Collection entries
☆ ☆ ☆ ☆

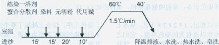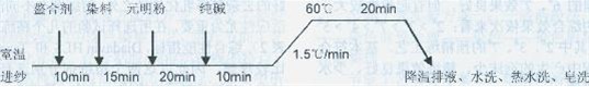 圖1粘/棉混紡紗用60℃活性染料常規(guī)染色工藝圖
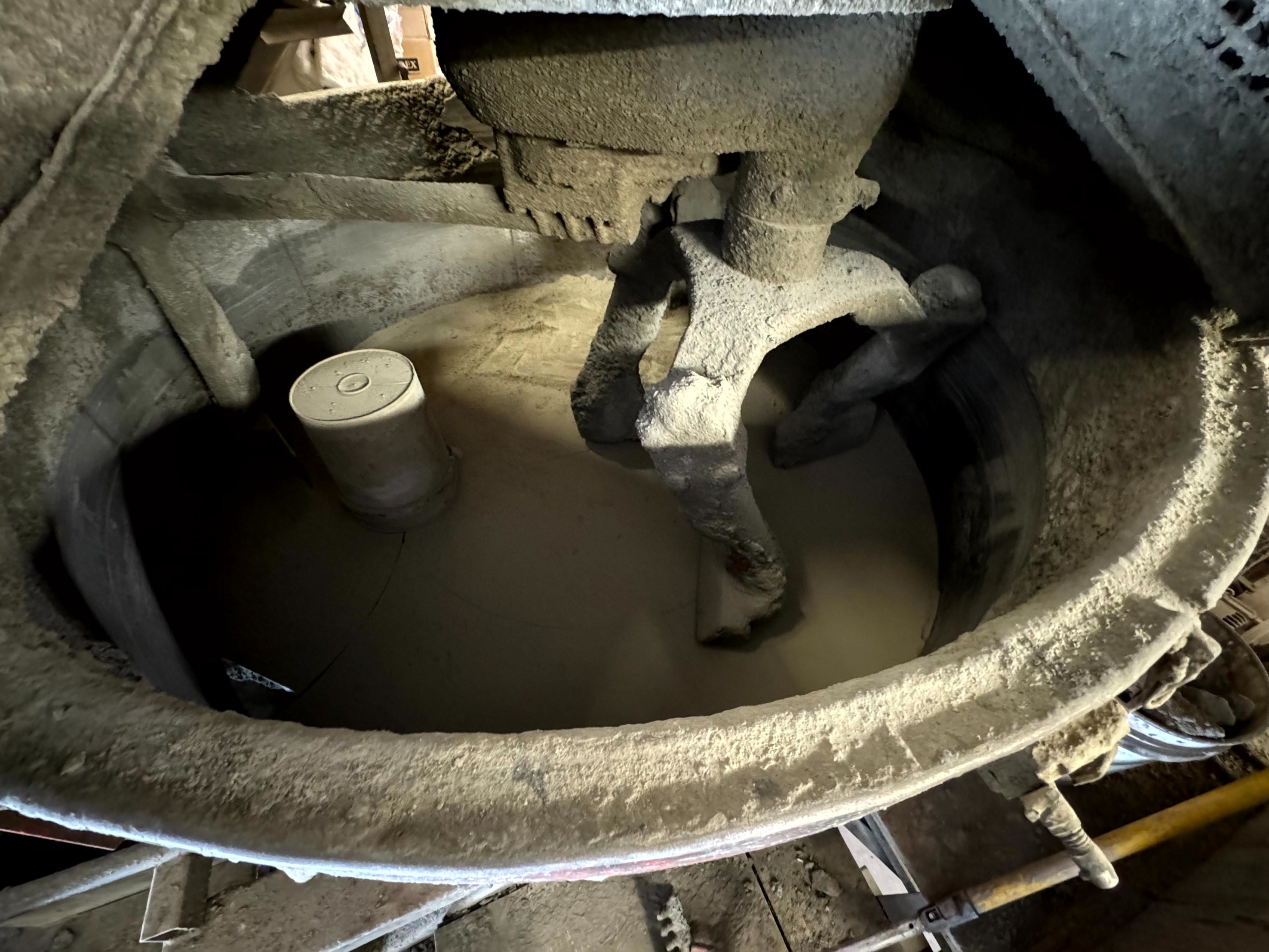 1 yard to 1.5 yard Sicoma pan type mixer (approx 2010) with cement auger
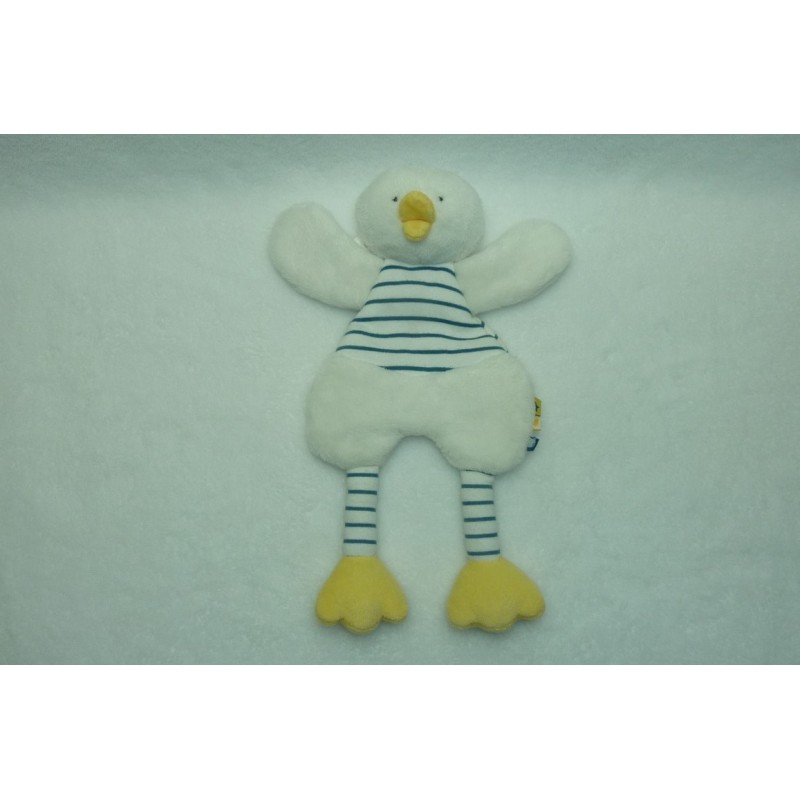 Description du doudou : Doudou plat canard de 26 cm environ de longueur, grelot, pouet pouet. Coloris : blanc, rayures bleu blanc. Doudou super doux. Etat : Comme neuf . Produit original. DOUDOU DIFFICILE A TROUVER
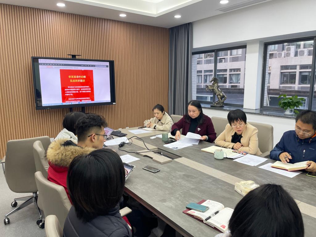 会议伊始,院党委书记张菁带领大家学习了习近平总书记在纪念辛亥革命110周年大会上的重要讲话。110年前,孙中山先生发出了振兴中华的呐喊,誓要建设一个焕然一新的中国。如今,在中国共产党的领导下,祖国的强盛早已超出孙中山先生当年的宏愿。辛亥革命110年来的历史,给予了我们深刻的启示。
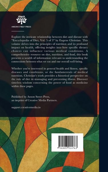 Explore the intricate relationship between diet and disease with "Encyclopedia of Diet, Vol. 5 of 5" by Eugene Christian. This volume delves into the principles of nutrition and its profound impact on health, offering insights into how specific dietary choices can influence various medical conditions. A comprehensive resource on diet, nutrition, and food, this book presents a wealth of information relevant to understanding the connections between what we eat and our overall well-being. Whether you're interested in general health and fitness, specific diseases and conditions, or the fundamentals of medical nutrition, Christian's work provides a historical perspective on the role of diet in managing and preventing illness. Discover timeless wisdom concerning the power of food as medicine within these pages. This work has been selected by scholars as being culturally important, and is part of the knowledge base of civilization as we know it. This work is in the public domain in the United States of America, and possibly other nations. Within the United States, you may freely copy and distribute this work, as no entity (individual or corporate) has a copyright on the body of the work. Scholars believe, and we concur, that this work is important enough to be preserved, reproduced, and made generally available to the public. We appreciate your support of the preservation process, and thank you for being an important part of keeping this knowledge alive and relevant.
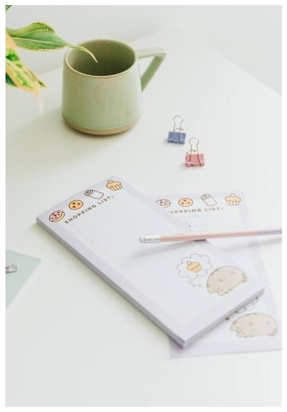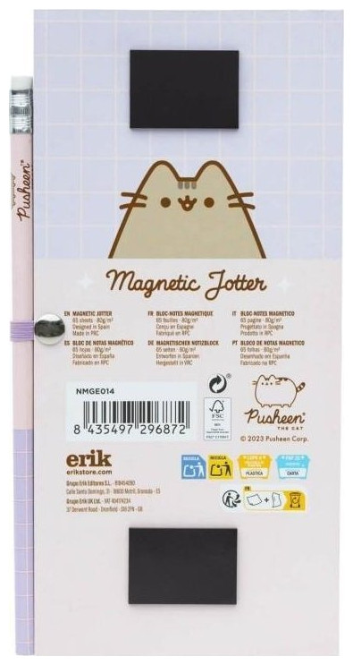 Notatnik z wizerunkiem kultowej kotki Pusheen z możliwością zamieszczenia na lodówce, świetnie sprawdzi się do codziennych zapisków i list zakupów. Dzięki dwóm dużym magnesom można go stabilnie umieścić w wygodnym miejscu. Do notatnika dołączono ołówek.Całość została wykonana z najwyższej jakości materiałów z dbałością o każdy szczegół.Cechy produktu:· Notatnik magnetyczny z kolekcji Pusheen Moments· Wymiary: 10 x 21 cm· W zestawie z ołówkiem· Gumka na ołówek· Dwa duże magnesy· Tekturowa podstawa· 65 łatwych do odrywania stron· Oficjalna licencja Pusheen

☆ ☆ ☆ ☆

» **Exercise**: All entries must be output exactly as they stand, and every picture must be left out.

» **Problem solution**:
 圖1粘/棉混紡紗用60℃活性染料常規(guī)染色工藝圖
 1 yard to 1.5 yard Sicoma pan type mixer (approx 2010) with cement auger
 Description du doudou : Doudou plat canard de 26 cm environ de longueur, grelot, pouet pouet. Coloris : blanc, rayures bleu blanc. Doudou super doux. Etat : Comme neuf . Produit original. DOUDOU DIFFICILE A TROUVER
 会议伊始,院党委书记张菁带领大家学习了习近平总书记在纪念辛亥革命110周年大会上的重要讲话。110年前,孙中山先生发出了振兴中华的呐喊,誓要建设一个焕然一新的中国。如今,在中国共产党的领导下,祖国的强盛早已超出孙中山先生当年的宏愿。辛亥革命110年来的历史,给予了我们深刻的启示。
 Explore the intricate relationship between diet and disease with "Encyclopedia of Diet, Vol. 5 of 5" by Eugene Christian. This volume delves into the principles of nutrition and its profound impact on health, offering insights into how specific dietary choices can influence various medical conditions. A comprehensive resource on diet, nutrition, and food, this book presents a wealth of information relevant to understanding the connections between what we eat and our overall well-being. Whether you're interested in general health and fitness, specific diseases and conditions, or the fundamentals of medical nutrition, Christian's work provides a historical perspective on the role of diet in managing and preventing illness. Discover timeless wisdom concerning the power of food as medicine within these pages. This work has been selected by scholars as being culturally important, and is part of the knowledge base of civilization as we know it. This work is in the public domain in the United States of America, and possibly other nations. Within the United States, you may freely copy and distribute this work, as no entity (individual or corporate) has a copyright on the body of the work. Scholars believe, and we concur, that this work is important enough to be preserved, reproduced, and made generally available to the public. We appreciate your support of the preservation process, and thank you for being an important part of keeping this knowledge alive and relevant.
 Notatnik z wizerunkiem kultowej kotki Pusheen z możliwością zamieszczenia na lodówce, świetnie sprawdzi się do codziennych zapisków i list zakupów. Dzięki dwóm dużym magnesom można go stabilnie umieścić w wygodnym miejscu. Do notatnika dołączono ołówek.Całość została wykonana z najwyższej jakości materiałów z dbałością o każdy szczegół.Cechy produktu:· Notatnik magnetyczny z kolekcji Pusheen Moments· Wymiary: 10 x 21 cm· W zestawie z ołówkiem· Gumka na ołówek· Dwa duże magnesy· Tekturowa podstawa· 65 łatwych do odrywania stron· Oficjalna licencja Pusheen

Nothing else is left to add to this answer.